At a meeting in Buenos Aires in November 2018, Mr. Trump joined the leaders of Canada and Mexico in signing the revised deal. But he still faced an uphill path to get the pact approved in Congress, particularly the Democratic-controlled House of Representatives.
“I hope he understands what he’s signing today,” Ms. Pelosi said at a news conference, holding up a fact sheet outlining the changes Democrats secured for labor, enforcement, environment and prescription drugs. “Just because he’s the person signing it would not be a reason we would not do something good for the American people.”
On Capitol Hill, Democrats sought to remind people that the pact would not have won overwhelming bipartisan support without their changes, particularly the updates to labor enforcement.

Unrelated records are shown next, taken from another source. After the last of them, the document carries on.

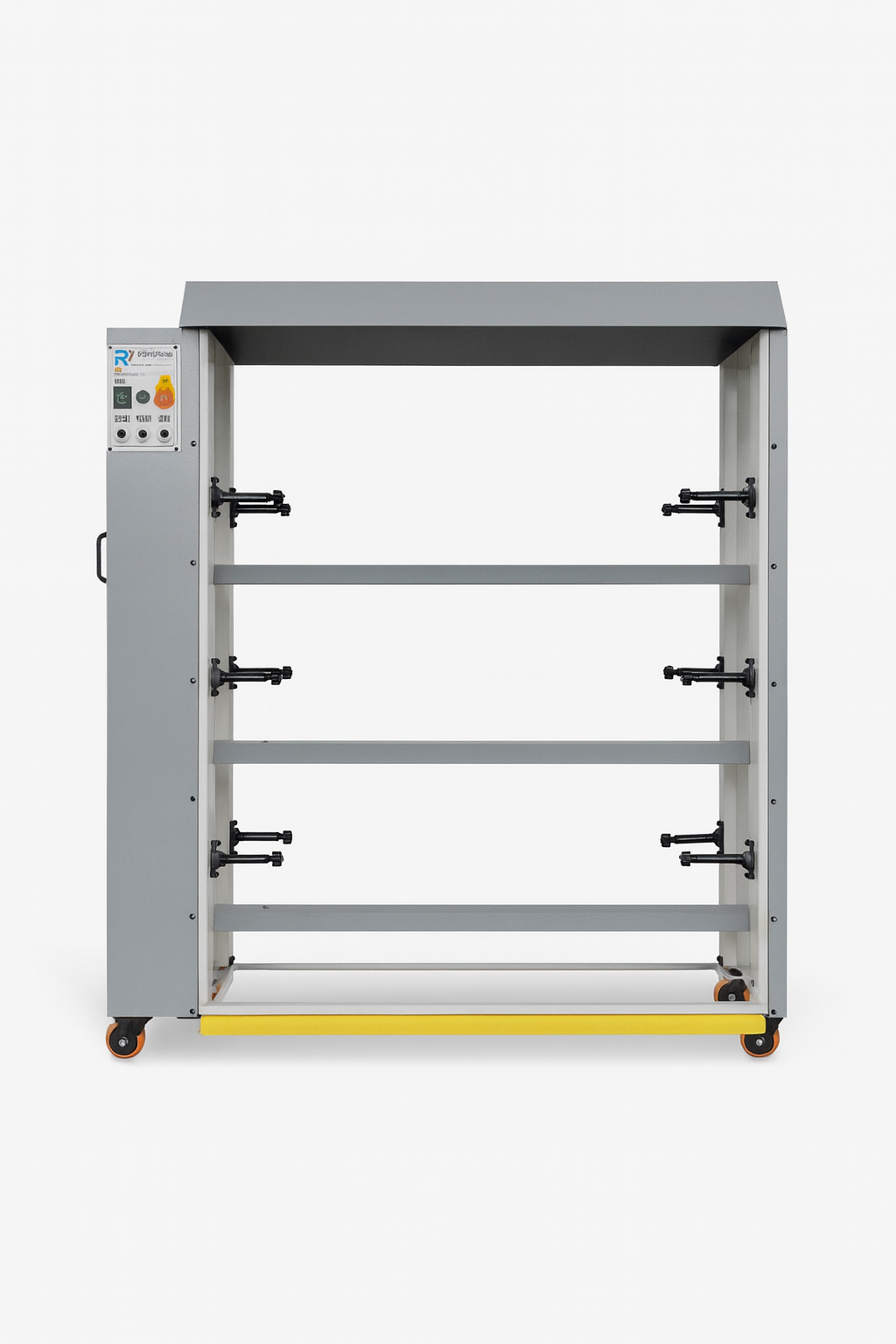 Equipamento projetado para padronizar o filme de verniz aplicado em peças penduradas em gancheiras. A rotação constante garante distribuição regular, evita escorrimentos e corrige pequenas imperfeições da superfície. Ideal para linhas de metalização a vácuo e pintura com alto padrão de acabamento.
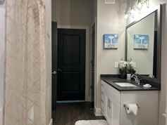 This upscale apartment in North Charleston boasts a gourmet kitchen with premium appliances and granite countertops, a full-capacity in-suite washer and dryer, and a spacious bathroom with a walk-in closet.
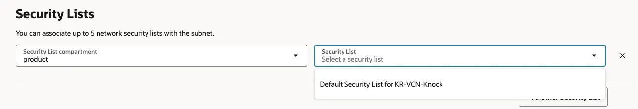 그리고 마지막에 Security List를 선택하는데 기본적으로 Default Security List가 생성되어 있으므로 해당 List 선택해주세요.
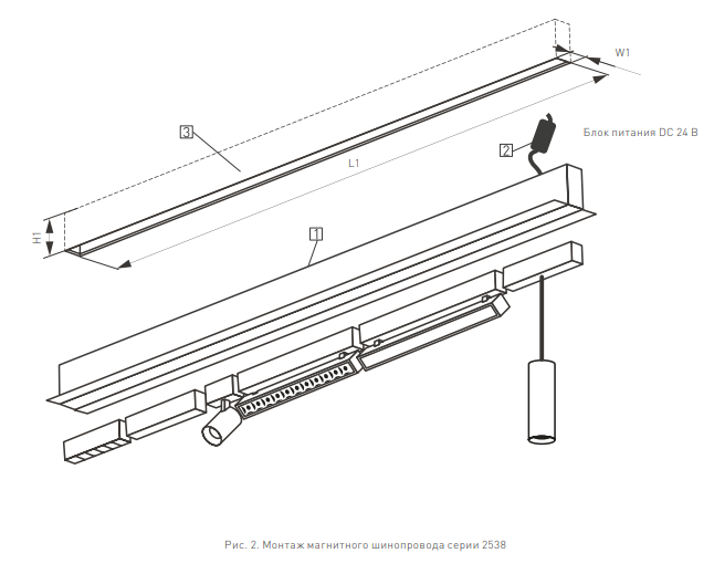 Мощность источника питания выбирается из расчета 100 Вт на 1 м длины сегмента шинопровода.
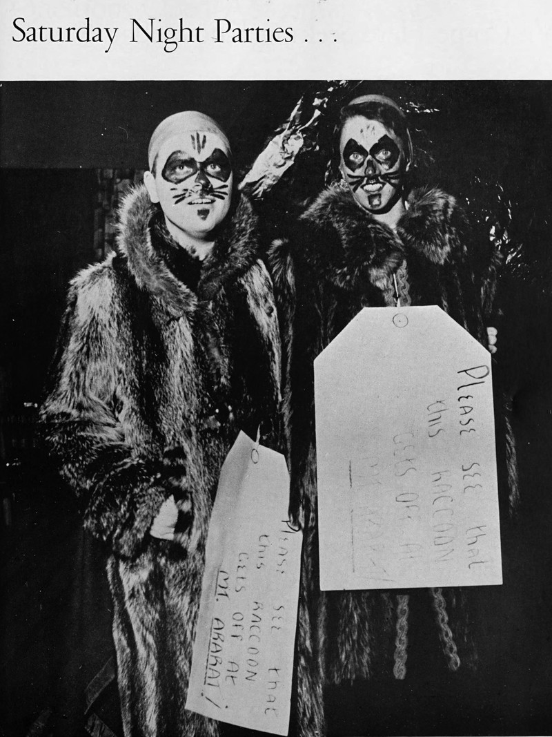 "Please see that this raccoon gets off at Mt. Ararat!"  From Northwestern University's 1959 yearbook.
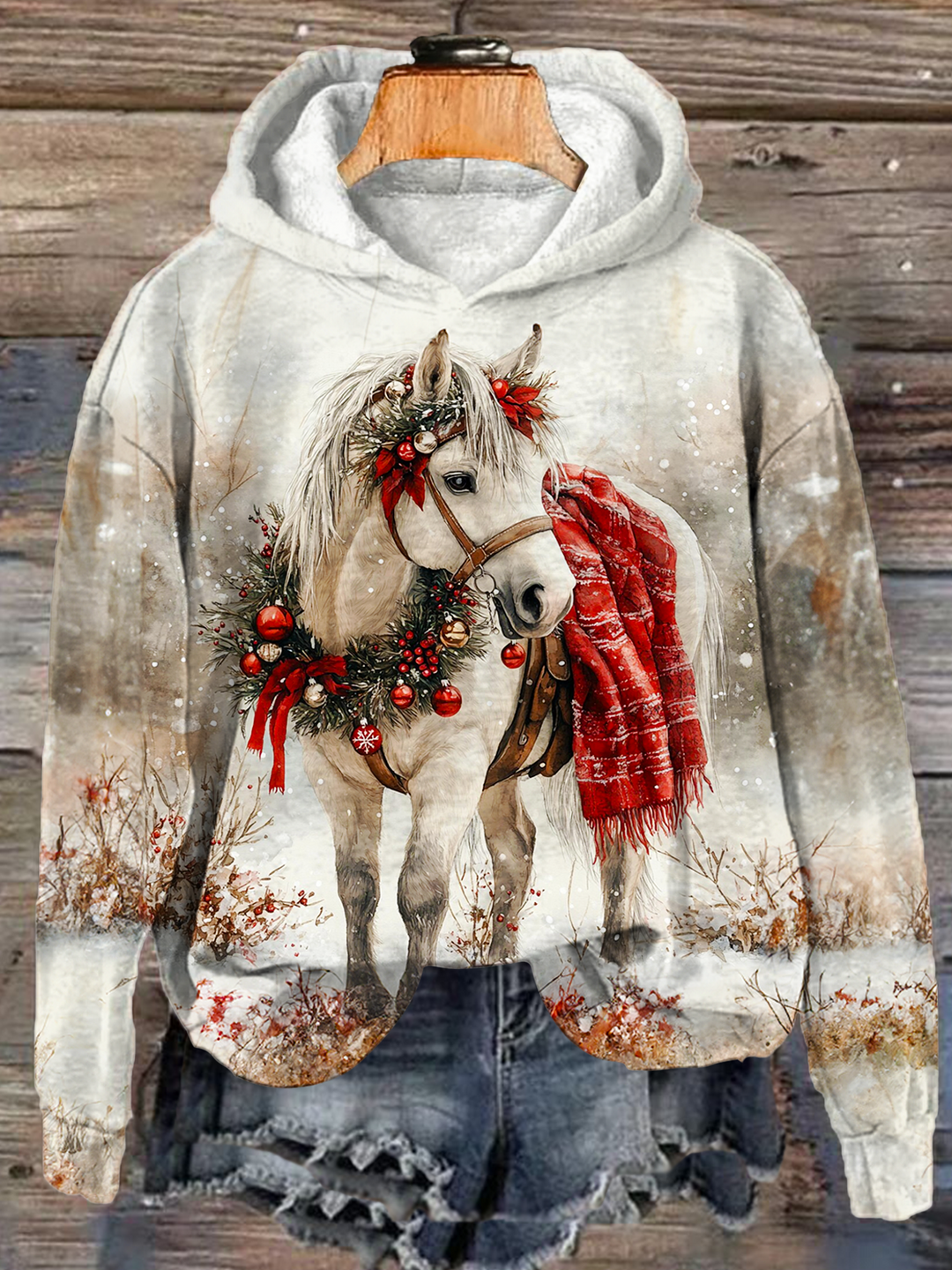 Christmas Horses Long Sleeve Printed Hoodie
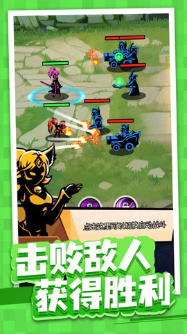 1、游戏世界充满未知的挑战和强大的敌人,只有通过不断提升自己的火柴人团队,才能在战斗中取得胜利。
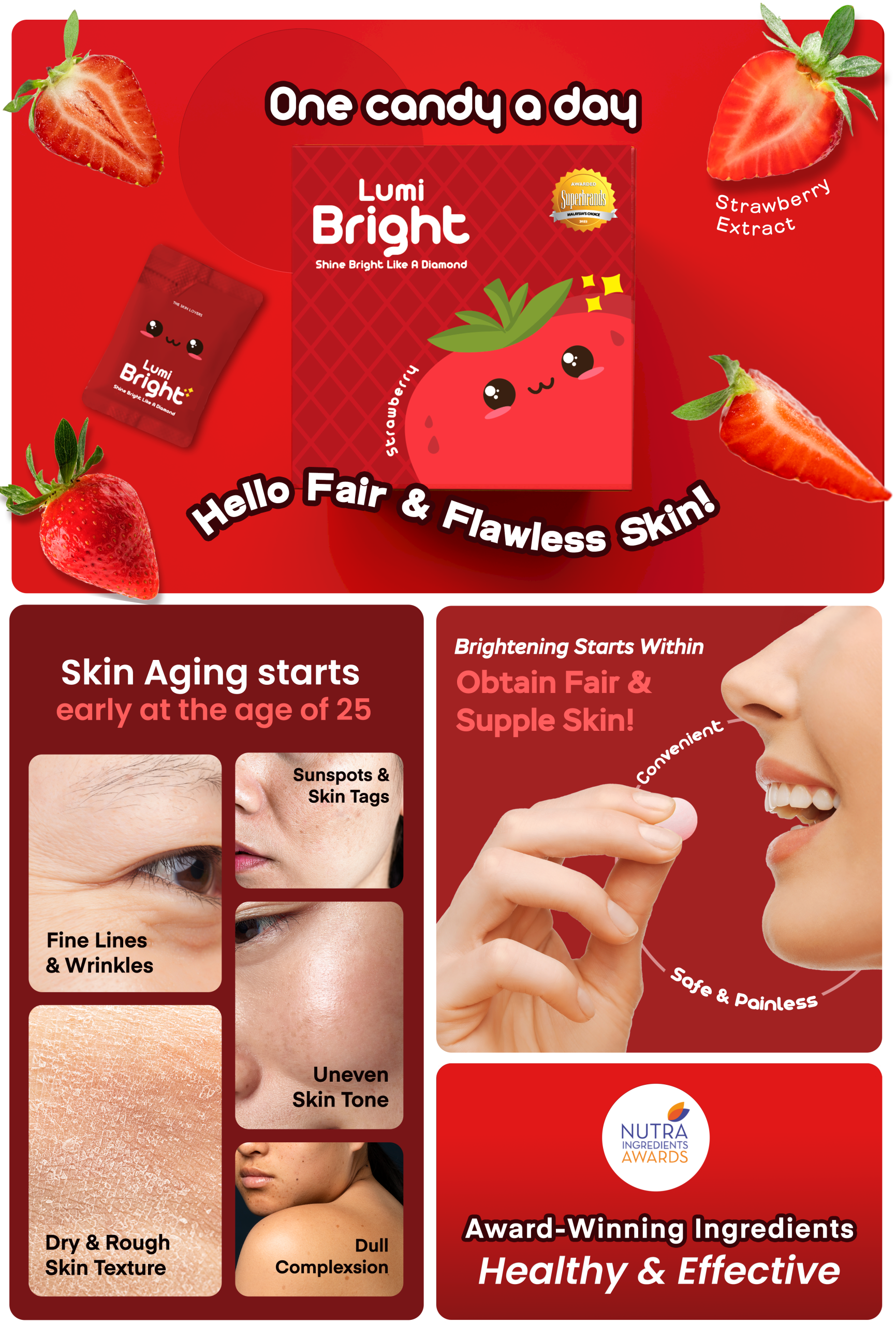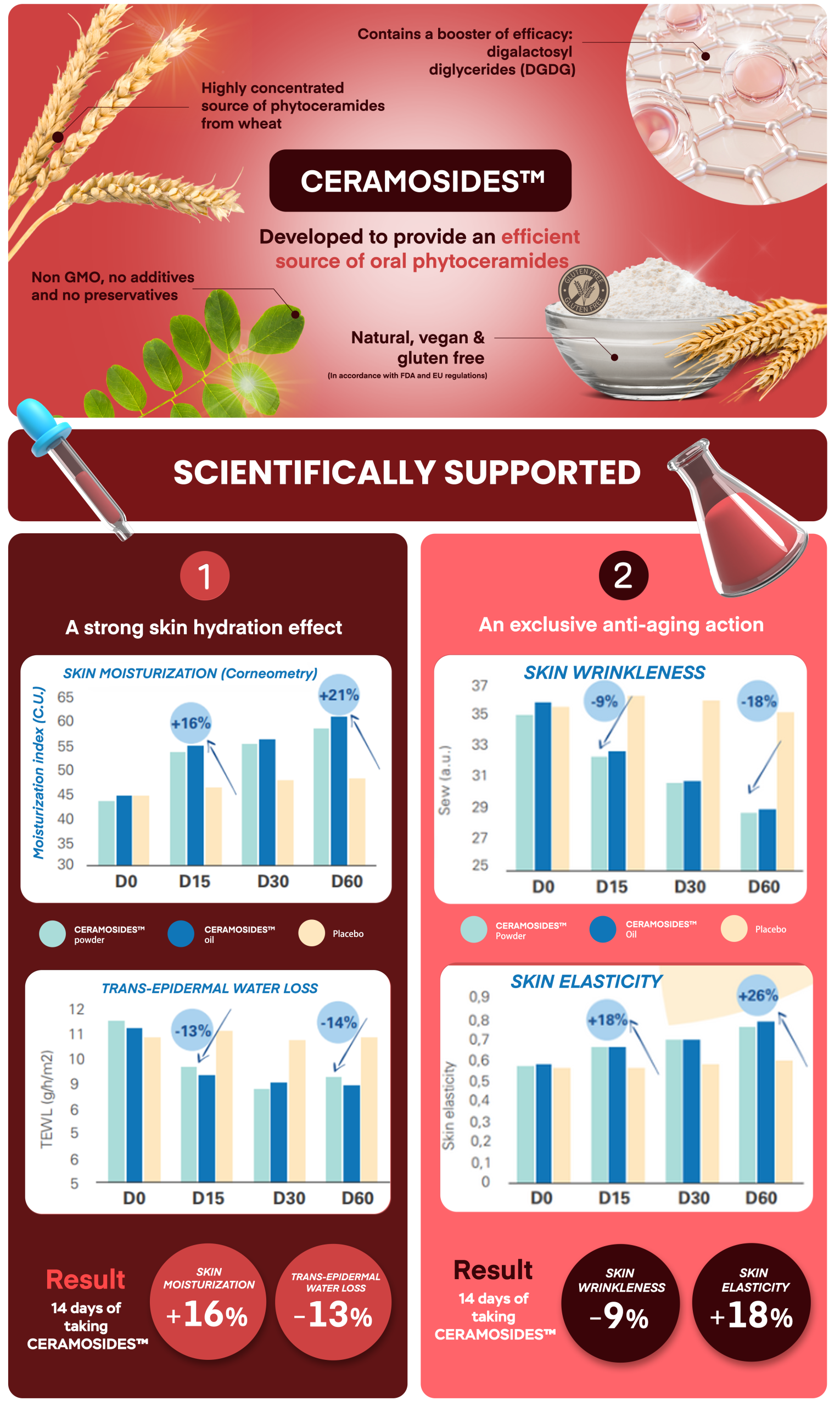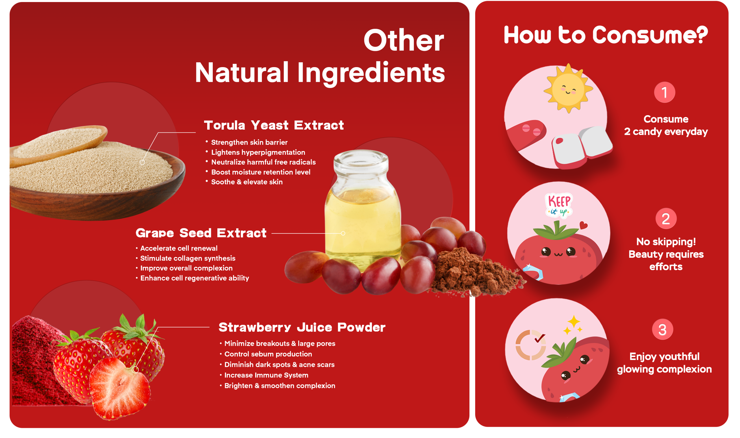 Embrace timeless beauty & achieve dewy youthful complexion with two delicious candy daily. Infused with scientifically proven ingredient, CERAMOSIDES™, reverse skin aging & brighten skin tone by replenishing & restoring lost ceramides, keeping skin moisturized & youthful.

“The only reason that the president is having a signing today is because of what we did as Democrats,” Representative Richard E. Neal of Massachusetts, the chairman of the Ways and Means Committee, said at an infrastructure news conference.
Some Democrats were quick to point out that the deal being celebrated by Republicans at the White House was far more in line with Democratic priorities than with traditional conservative ones.
“It actually kind of puts a smile on my face,” said Representative Jimmy Gomez, Democrat of California, in an interview. “It’s ironic. They’re lauding the most progressive trade deal in the history of this country.”
“They should send her a box of chocolates,” Mr. Gomez said of Ms. Pelosi, who has a famous penchant for chocolate, particularly from California. “Dark. Ghirardelli.”
The new trade deal faces one final hurdle before it can go into effect: It still needs to be approved in Canada.
Prime Minister Justin Trudeau’s government’s first action when Parliament resumed after an extended break on Monday was introducing legislation to carry out the trade pact, which it calls the Canada-United States-Mexico Agreement.
Because Mr. Trudeau’s Liberal Party does not hold a voting majority in the House of Commons, the bill will require opposition support to pass. All three major opposition parties have various complaints. But many local and provincial politicians, labor and business leaders are calling for quick approval, making the legislation’s defeat unlikely.
Chrystia Freeland, the deputy prime minister, urged the opposition parties to work with the government to pass the bill swiftly.
“This is a victory for all Canadians of every political persuasion and from all regions of our great country,” she said in a news conference.